Listen when you want to understand how investors, builders, and domain experts are framing new markets before they become obvious.
20. School of Greatness
School of Greatness ventures inside the minds of the greatest of the great, with actionable insights you can apply to your own life.
In each episode, NYT best-selling author Lewis Howes speaks with world-class entrepreneurs, athletes, and influencers to try and understand how these people achieved greatness in their lives.
Noteworthy episode: Stop Overthinking and Start Doing
You’ve read our top business picks, now here’s a rundown of some additional non-business focused podcasts that our team enjoys.
StatsBomb
Adam Henshall, content writer & editor at Process Street:
“I’m going to nominate a slightly infrequent – but always great – podcast from the team at StatsBomb. It’s a podcast from the world of football (read: soccer) and covers a whole range of different areas.
What makes StatsBomb particularly interesting is that the company does some of the best data gathering and statistical analysis a non-football professional working in a top league could possibly have access to. The StatsBomb team, Ted Knutson and co, started off working with clubs which were on the cutting edge of trying to implement high level stats use: FC Midtjylland in Denmark and then Brentford in the lower divisions in the UK. Now StatsBomb provides consulting work for top teams and offers its analytics systems up to clubs as a kind of SaaS product.
Obviously I enjoy the football-based discussion, but it’s also real interesting listening to conversations about how to communicate data. The analytics team will have to work with coaches who would otherwise be pretty detached from this kind of analysis – but you need buy-in to make it work. So this results in some great musings on data visualization and also in the feedback-loop – how the coaches’ input helps the data team.
If you’re into tech and startups while also into football, this is a must listen podcast.
My noteworthy episode is looking at how good Liverpool actually are, at the beginning of the 18/19 season. Given that this year is our year – there I said it – this seems a suitable episode.”
Farah Tash, marketing coordinator at Process Street:
“Sophia Amoruso brings on inspiring, hard-working, innovative women to chat about their story, their first job, and how they got to where they are today.

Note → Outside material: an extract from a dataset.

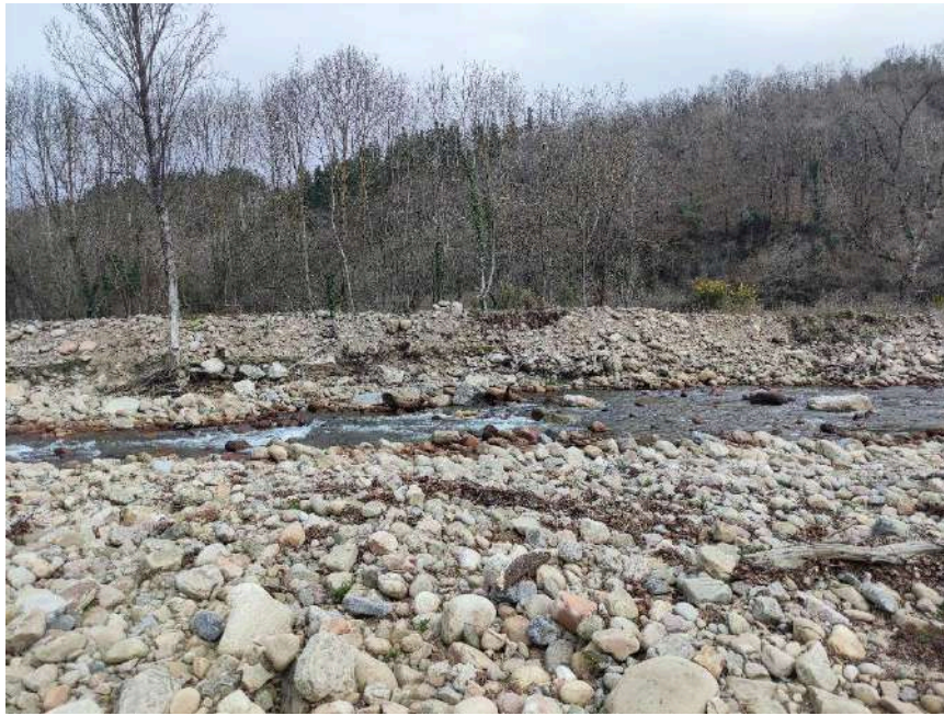
Erosión en la margen derecha

Each episode brings about relatable tips, insights, and best practices. I started listening to this podcast during my hour long commute to university just to make use of idle time and it slowly became a way to familiarize myself with women in business and the female experiences in spaces such as tech, finance, and so on.
The varying age group of women who are interviewed here points to different types of struggles experienced by the women as they were starting their careers.
However the underlying takeaway factors in all of their success stories is hard work, consistency, persistence, openness to risks, and passion – these factors have played a huge role in shaping my own work ethic.”
Ben Mulholland, content writer and editor at Process Street:
“Ever wanted to know more about life, the universe and everything but get too lost in the details? If so, then the Infinite Monkey Cage is perfect.
Hosted by Professor Brian Cox and comedian Robin Ince, Monkey Cage explores everything from light and life to ghosts to God with a scientific lens. If that sounds a little too much then don’t worry – there are plenty of interesting guests and fun observations to help you get to grips with the sheer amount of information being thrown through your speakers.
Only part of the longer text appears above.